Stephen Carter, the chief executive of telecoms and media regulator Ofcom, announced his resignation on Friday morning.
Carter, the former head of NTL, joined Ofcom on its formation in 2003, when five regulators were combined into a single watchdog for the communications sector.
There is no word yet on his successor, but many believe that Ed Richards, Ofcom's current chief operating officer and a former policy advisor to Downing Street, is in the running.
Luke Gibbs of OfcomWatch told ZDNet UK that Richards "looks a shoo-in", but added: "There will be a few eyebrows raised in the political world if an independent regulator appoints someone so close to the government.
"He's previously worked at both Number 10 and Number 11. In a rapidly changing political climate, Ofcom will need to tread carefully," Gibbs said.
The search for Carter's replacement officially begins in June, when the post will be advertised nationally.

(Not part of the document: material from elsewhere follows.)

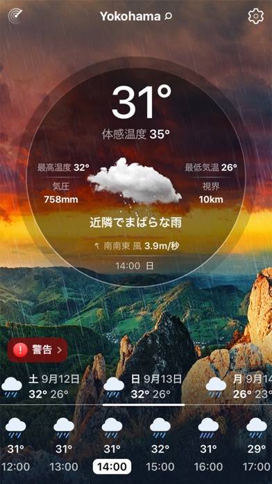 洗濯モノを外に干して出かけて失敗??が続いたのでアプリ入れた。自分の地域を設定しておけば、いつでも家の近くの天気をチェックできる。空模様が背景になってて超分かりやすいのと、気温はアプリアイコンの横に常に出てるから起動しなくても分かるので便利ですよーん。

A spokesperson for Ofcom told ZDNet UK that "continuity and an orderly transition" to the next chief executive would be aided by the fact that the body's chairman, Lord Currie, was recently reappointed until 2009.
The package that Carter will take with him is currently unclear, although his salary was listed in Ofcom's 2004-2005 annual report as being £414,463. He has previously taken flak for the levels of both his Ofcom salary and the package he took with him from NTL, which included $2.6m (£1.4m) in bonuses, despite what was viewed by many as a poor performance at the helm.
It is also not yet clear as to where Carter will be going, as the terms of his contract forbade him from seeking further employment while at Ofcom. He will be stepping down from his post in October, and some have speculated he will return to a board position at WPP, the communications group where he served prior to joining NTL.
Ben Verwaayen, the chief executive of BT Group, told ZDNet UK that Carter had changed the landscape of telecommunications regulation in Britain.
"His commercial experience, judgement and professionalism have been fundamental in helping to give Britain the most competitive and innovative telecoms market in the world. He has helped focus regulation on the parts of the market that need it, allowing greater competition to flourish," said Verwaayen.
One part of the market in need of attention was BT itself, which split off its access services division to form Openreach in 2005. The move followed an Ofcom review of the UK's telecoms sector, which forced BT to open up its network to rival operators on fairer terms.